» **Task requirements**
Your copy should contain exactly the lines from the start of the material through the line containing "FibreFlex Longboards feature", and no pictures.

» **Data provided**
════════════════════
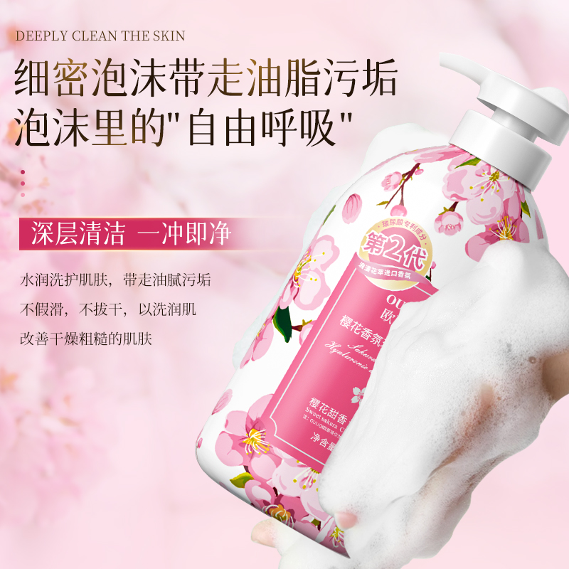 1000ml大瓶家庭装樱花香氛沐浴露清爽嫩肤美肌清洁保湿持久留香
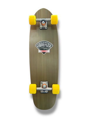 FibreFlex Longboards feature a vertically laminated wood core of Aspen and Mahogany, sandwiched in a heated mold one at a time between kinds of pre-cured epoxy fibreglass. The result is a thin, light, extremely strong and lively skateboard with unbeatable, torque, flex and snap.
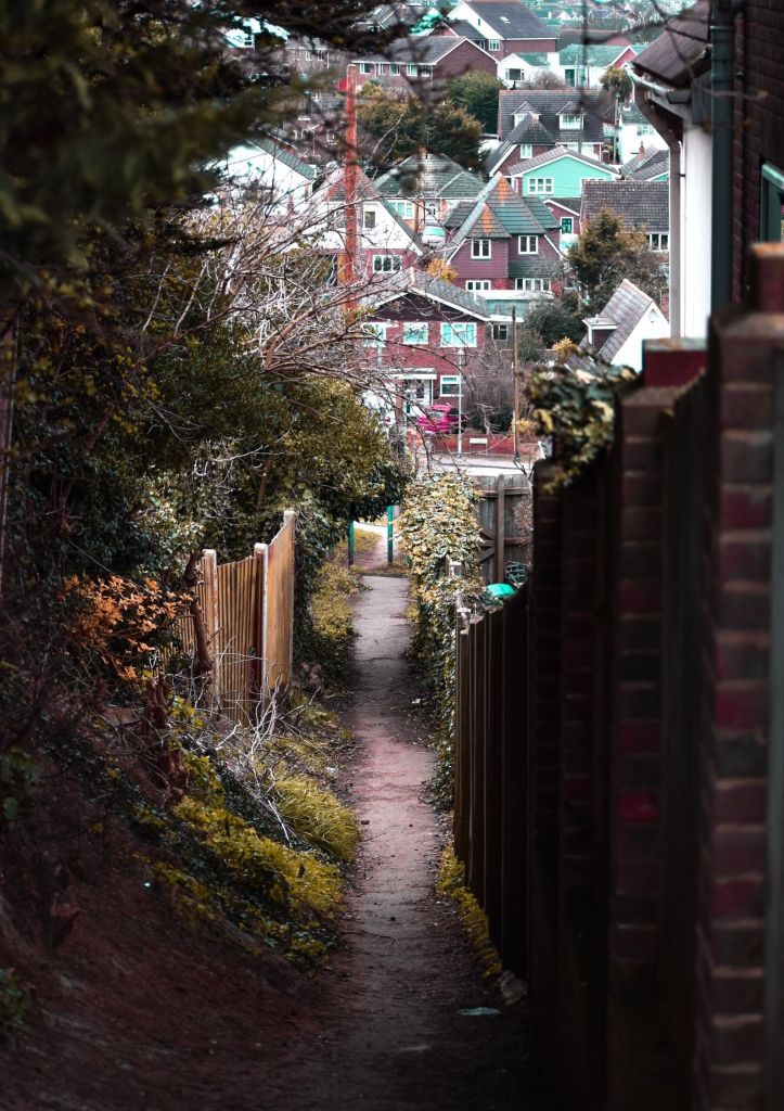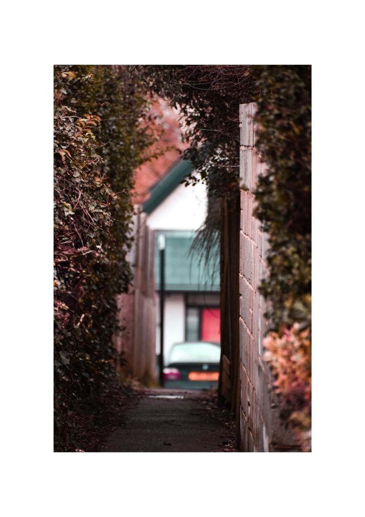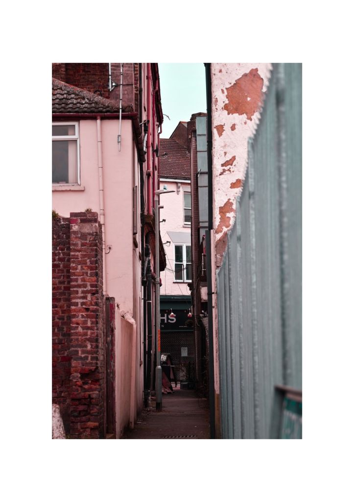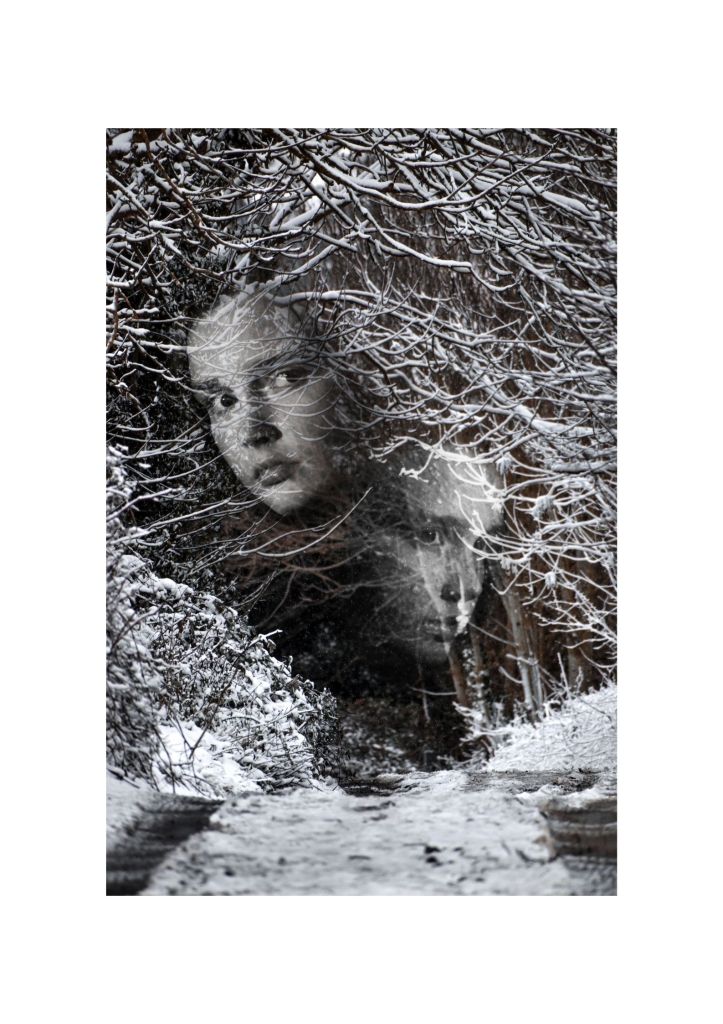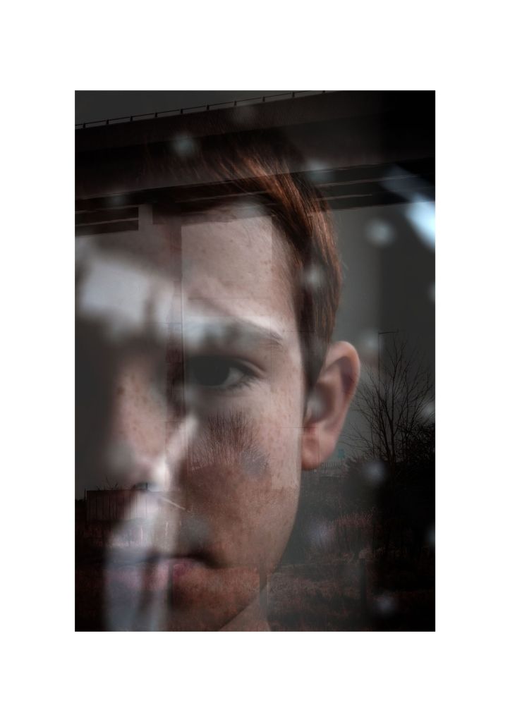 I then continued to manipulate eyes and faces; exploring compositional techniques whilst taking photographs of rural landscapes. My work then began to take a more experimental approach, exploring the work of Fredrick Sommer and Van Bor exploring black light, before completing the screenshot project where I montaged digital photographs taken by other people together into a new image. I then completed the freelensing project where I explored obstructive camera techniques similar to within my previous work; double exposing my images onto landscape photographs I had taken beforehand: reverting back to my cinematic Surrealist style. I finished my project with two shoots: one which I had taken whilst it was snowing during our second lockdown and one of different alleyways located all around the Isle of Sheppey. Once again I explored both rural and industrial landscapes, double exposing them onto portraits and developing them into a 100 page photo book as my final response to this project.
════════════════════
» **Exercise output**
 1000ml大瓶家庭装樱花香氛沐浴露清爽嫩肤美肌清洁保湿持久留香
 FibreFlex Longboards feature a vertically laminated wood core of Aspen and Mahogany, sandwiched in a heated mold one at a time between kinds of pre-cured epoxy fibreglass. The result is a thin, light, extremely strong and lively skateboard with unbeatable, torque, flex and snap.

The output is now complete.